On July 13, 2018, the decedent passed away while in the hospital. The causes of death were sudden cardiac arrest, coronary artery disease, and ischemic cardiomyopathy. The plaintiff alleges that her mother’s heart attack and death were the result of her Uloric use and seeks damages from manufacturer Takeda Pharmaceuticals.

FDA Warns that Uloric Can Increase Risk of Death

In 2009, the FDA approved Uloric for the treatment of gout.  At that time, the agency required the manufacturer to include a warning and precaution regarding possible cardiovascular events in patients treated with the drug. As a condition of approval, Takeda had to conduct a large postmarket safety clinical trial.

That trial involved 6,000 patients with gout who were treated with either Uloric or allopurinol, an older gout treatment.  The researchers looked at the risk of heart-related death, non-deadly heart attack, non-deadly stroke, and unstable angina.

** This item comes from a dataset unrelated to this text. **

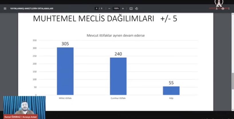 Özkiraz'ın Ekim ve Kasım ayında yayımlanmış 14 anketin ortalamasından derlediği verilere göre, Millet İttifakı Meclis'te 300 vekili geçebiliyor. Cumhur İttifakı'nda ise durum hiç iç açıcı değil. Özkiraz, Cumhur İttifakı'nın 200 vekile kadar gerileyebileceğini ifade etti.

Results showed that overall, Uloric did not increase the risk of these events compared to allopurinol. When the outcomes were evaluated separately, however, Uloric showed an increased risk of heart-related deaths and death from all causes.

As a result of these findings, the FDA required the addition of a black box warning on Uloric, and also limited its approved use only in certain patients who did not experience adequate results with allopurinol. The agency also recommended that patients tell their doctors about any history of heart problems or stroke, and advised doctors to reserve Uloric for use only in patients who couldn’t tolerate allopurinol.